Abstract

In this paper we show how to efficiently implement parallel discrete simulations on multicore and GPU architectures through a real example of an application: a cellular automata model of laser dynamics. We describe the techniques employed to build and optimize the implementations using OpenMP and CUDA frameworks. We have evaluated the performance on two different hardware platforms that represent different target market segments: high-end platforms for scientific computing, using an Intel Xeon Platinum 8259CL server with 48 cores, and also an NVIDIA Tesla V100 GPU, both running on Amazon Web Server (AWS) Cloud; and on a consumer-oriented platform, using an Intel Core i9 9900k CPU and an NVIDIA GeForce GTX 1050 TI GPU. Performance results were compared and analyzed in detail.

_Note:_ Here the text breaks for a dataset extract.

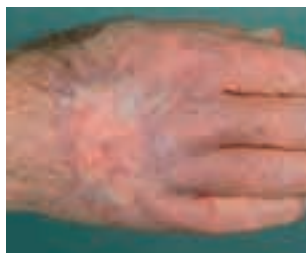
6 months post-operative

We show that excellent performance and scalability can be obtained in both platforms, and we extract some important issues that imply a performance degradation for them. We also found that current multicore CPUs with large core numbers can bring a performance very near to that of GPUs, and even identical in some cases.

Highlights

  • Discrete simulation methods encompass a family of modeling techniques which employ entities that inhabit discrete states and evolve in discrete time steps

  • We present parallel implementations for multicore CPUs and for graphics processing units (GPUs) of the cellular automaton model of laser dynamics introduced by Guisado et al [16,17,18]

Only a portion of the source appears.